Managing IBD in cats (Proceedings)

Inflammatory bowel disease (IBD) is a common cause of chronic gastrointestinal signs in cats.  The exact pathogenesis is thought to be multifactorial.  A mechanism central to the development of the disease appears to be loss of immune tolerance to normal luminal or mucosal antigens (dietary, bacterial, or self) which leads to a recruitment of inflammatory cells to the intestinal walls.  Damage to the intestines results from the injurious effects of the inflammatory cells and their cytokines, with the end result being tissue destruction and increased intestinal permeability.  Additionally, a recent study demonstrated a correlation between the number of bacteria adherent to intestinal mucus and the extent of mucosal structural abnormalities and clinical signs in feline IBD patients.  The goals of therapy are therefore to reduce antigenic stimulation and to modulate the local gut immune response.

Intestinal inflammation can result from a large variety of gastrointestinal and metabolic diseases and it is the clinician's duty to rule these out before arriving at a diagnosis of idiopathic IBD.  Guidelines set forth by the WSAVA's GI standardization group have defined criteria for diagnosis of IBD as: 1) gastrointestinal signs > 3 weeks in duration, 2) incomplete response to dietary trials and anthelmintics, 3) histologic lesion of mucosal inflammation on biopsy, 4) clinical response to immunomodulatory therapy.

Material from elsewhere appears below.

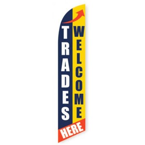 Trades Welcome Here 12ft Feather Banner Swooper Flag - FLAG ONLY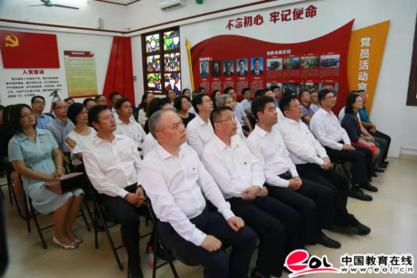 到场的全体党员站立在鲜艳的党旗前,庄严地举起右手,在陈新的带领下重温入党誓词,“我志愿加入中国共产党……”声音激昂洪亮,重温入党初心,重温心潮澎湃的光荣时刻。随后,大家集中观看了习近平总书记到江西省于都县瞻仰、参观中央红军长征出发纪念碑和纪念馆的视频。

IBD has historically been classified based on the area of the GI tract involved and the type of inflammatory cell infiltrate present.  Lymphoplasmacytic enteritis is the most common form of IBD.

Signalment/history/physical examination

Cats of any age and breed may be affected, though many affected cats are middle aged or older.

Chronic intermittent gastrointestinal signs of vomiting and/or diarrhea are the most common manifestations of IBD.  Weight loss and depressed appetite may be reported.  Physical examination may be normal or reveal thickened intestinal loops and thin body condition.  Abdominal pain may be noted if pancreatitis is also present.

Diagnostics

CBC, Biochemistry, and urinalysis are often normal in patients with IBD.  Increases in ALT and ALP may occasionally be noted and should trigger investigation of a concurrent hepatic disorder.  Eosinophilia may occasionally be detected in patients with eosinophilic IBD, food hypersensitivity, and may also be present with hypereosinophilic syndrome.

Abdominal radiographs are often of minimal value in the workup of these patients, unless acute severe exacerbation of vomiting warrants the need to rule out other concurrent conditions (e.g., obstructive intestinal foreign body, etc.).  On abdominal ultrasonography, intestines may appear normal or diffusely thickened.  The area of intestine or wall layer that is affected helps the clinician determine the most appropriate method for obtaining a biopsy (endoscopy vs. surgery).  Localized asymmetrical thickening of the GI wall, or loss of normal wall layering (in diffusely thickened intestines) is more suggestive of a neoplastic process. 

Intestinal biopsy

Intestinal biopsy is required to confirm the diagnosis in patients who have failed dietary trials and conservative management (e.g., anthelmintic treatment, metronidazole).  Appropriate histologic interpretation relies in large part on good quality biopsies.  Endoscopic biopsies have the advantage of being less invasive and easy to obtain and can be a valuable diagnostic tool in establishing a diagnosis of IBD in many affected patients.  However, evaluation of the GI tract is limited to the stomach and duodenum and evaluation of superficial mucosal surfaces.  In some cases surgical biopsies are necessary.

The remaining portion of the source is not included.